Though the pioneer works in this domain of Fake News Detection revolved around machine learning techniques, the advent of Deep Learning could be attributed to the surge in the improvements recorded for the task. Inspired by the memory power of Vanilla Recurrent Neural Networks (RNN) state of the art results were recorded in standard datasets coupled with a refined word representation technique. Liu et al. [10] modelled the classification of propagation paths for an early curb of Fake News using RNN. Also a deeper understanding of the propagation of spurious social content was put forth by Wu et al. [18] using these vanilla networks.

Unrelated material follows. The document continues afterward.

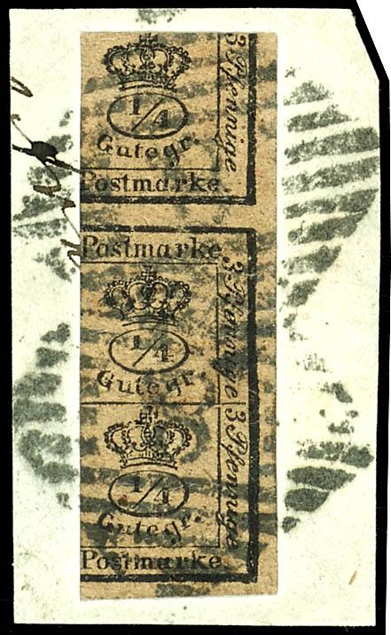 3/4 Groschen, vollrandiges und farbfrisches Kabinettstück, entwertet mit Nummernstempel "8" (Braunschweig) auf Briefstück, Fotobefund Lange BPP: "echt und einwandfrei"3 / 4 Groschen, having full margins and having bright colours extremely fine copy, tied by numeral cancellation \"8\" (Brunswick)
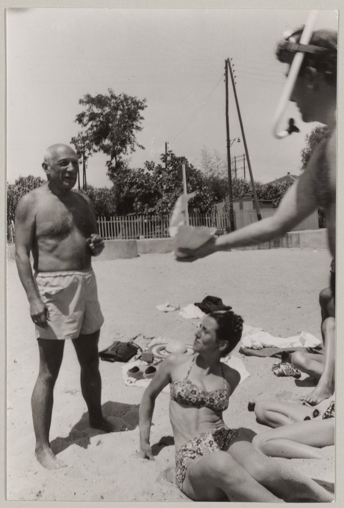Pablo Picasso avec Françoise Gilot et un ami au tuba sur la plage de Golfe-Juan, circa 1949-51

Furthermore an advancement of the existing memory networks are the Long Short Term Memory Cells (LSTM) which are capable of retaining a superior amount of details due to the gating mechanism involved. Bangyal et al. [6] adopted various Machine Learning and Deep Learning approaches with TF-IDF Vectorization strategy but achieved the optimal performance with LSTMs. The works which emphasized on LSTMs varied in terms of the embedding strategy used. Ahmad et al. [1] experimented LSTMs with traditional methods like term frequency–inverse document frequency, count vector, character level vector and N-Gram level vector upon the Fake News Detection corpus. Rodríguez et al. [14] used BERT word embeddings and exploited various models like LSTM and CNN. Other works used one hot representation to convert text into numerical form before feeding into the LSTM network.
As a counterpart to these LSTM networks, the Gated Recurrent Units (GRU) gained prominence down the lane as in Kaliyar et al. [7] work on FNDNet with Word2Vec encoding. Moreover the comprehensive study of neural network and transformer based language models carried out by Al-Yahya et al. [3] used GRUs over the Arabic Corpora on Covid Fake News. A plethora of embedding strategies were tested with GRU for this task. Glove was resorted to as the embedding mechanism by Bajaj et al. [5] on the signal media news dataset, while on the other hand fasttext was used by Verma et al. [17] in their work to detect fake news using Natural Language Processing.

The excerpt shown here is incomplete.